Task
Copy the listing below in full and skip every picture.

Information provided

****

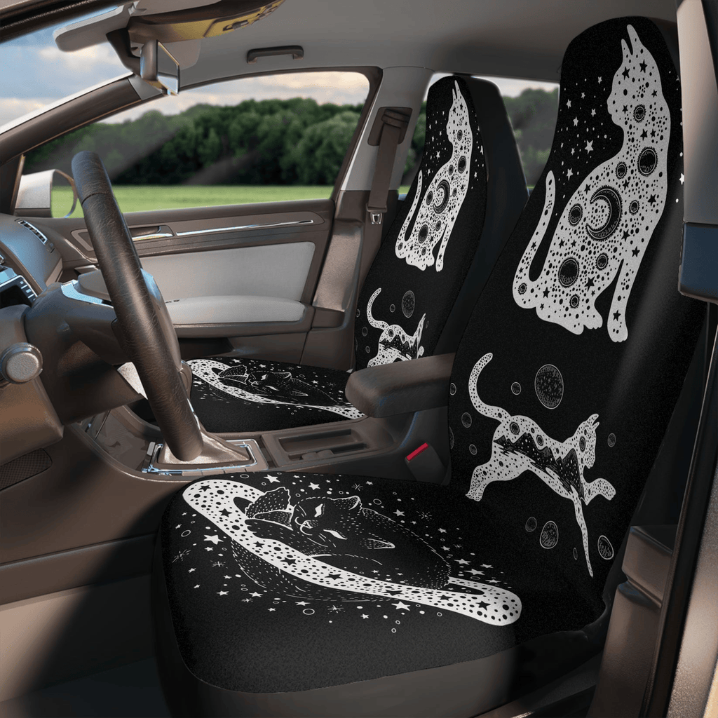 Cat Car Seat Covers Cat Silhouette Dot Moon Star Seat Covers Black White
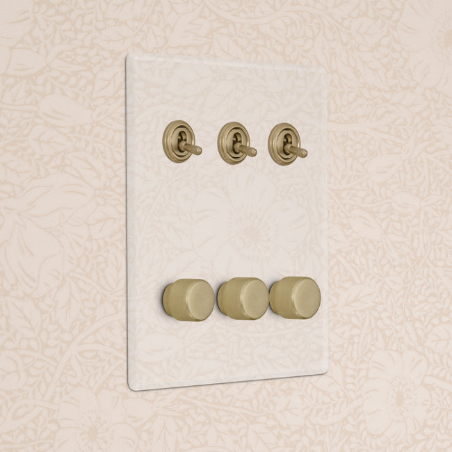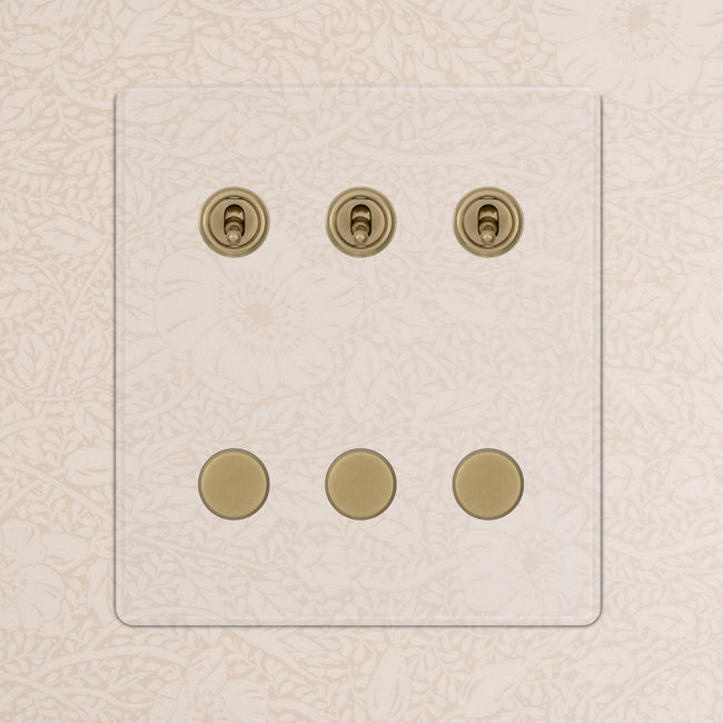 This 6 gang mixed switch combines three two-way toggles and three rotary dimmers on one plate.
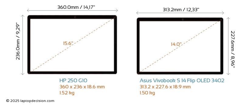 USBBoth 250 G10 and Vivobook S 14 Flip OLED 3402 feature 2x USB 3.2 USB-A ports.Both 250 G10 and Vivobook S 14 Flip OLED 3402 feature 1x USB 3.2 USB Type-C ports.
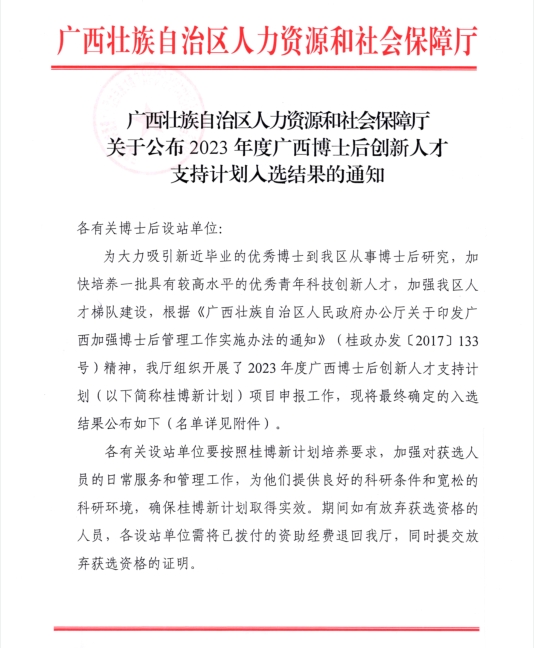 據(jù)悉,廣西博士后創(chuàng)新人才支持計劃旨在大力吸引優(yōu)秀博士畢業(yè)生到我區(qū)從事博士后研究,聚焦重大戰(zhàn)略、重大產(chǎn)業(yè)、戰(zhàn)略性新興產(chǎn)業(yè)及高校“雙一流”建設(shè),培育一批具有較高水平的青年科技人才。2023年度全區(qū)共有22名博士后入選該計劃。近年來,學校不斷加強博士后隊伍建設(shè),博士后管理工作規(guī)范化、制度化水平不斷提升。下一步,學校將大力實施“人才強?!睉?zhàn)略,創(chuàng)新博士后管理工作思路,深化體制機制改革,不斷加大優(yōu)秀應(yīng)屆博士進站力度,為進一步推動學校學科建設(shè)和“雙一流”建設(shè)提供青年人才儲備。

****

Exercise answer
 Cat Car Seat Covers Cat Silhouette Dot Moon Star Seat Covers Black White
 This 6 gang mixed switch combines three two-way toggles and three rotary dimmers on one plate.
 USBBoth 250 G10 and Vivobook S 14 Flip OLED 3402 feature 2x USB 3.2 USB-A ports.Both 250 G10 and Vivobook S 14 Flip OLED 3402 feature 1x USB 3.2 USB Type-C ports.
 據(jù)悉,廣西博士后創(chuàng)新人才支持計劃旨在大力吸引優(yōu)秀博士畢業(yè)生到我區(qū)從事博士后研究,聚焦重大戰(zhàn)略、重大產(chǎn)業(yè)、戰(zhàn)略性新興產(chǎn)業(yè)及高校“雙一流”建設(shè),培育一批具有較高水平的青年科技人才。2023年度全區(qū)共有22名博士后入選該計劃。近年來,學校不斷加強博士后隊伍建設(shè),博士后管理工作規(guī)范化、制度化水平不斷提升。下一步,學校將大力實施“人才強?!睉?zhàn)略,創(chuàng)新博士后管理工作思路,深化體制機制改革,不斷加大優(yōu)秀應(yīng)屆博士進站力度,為進一步推動學校學科建設(shè)和“雙一流”建設(shè)提供青年人才儲備。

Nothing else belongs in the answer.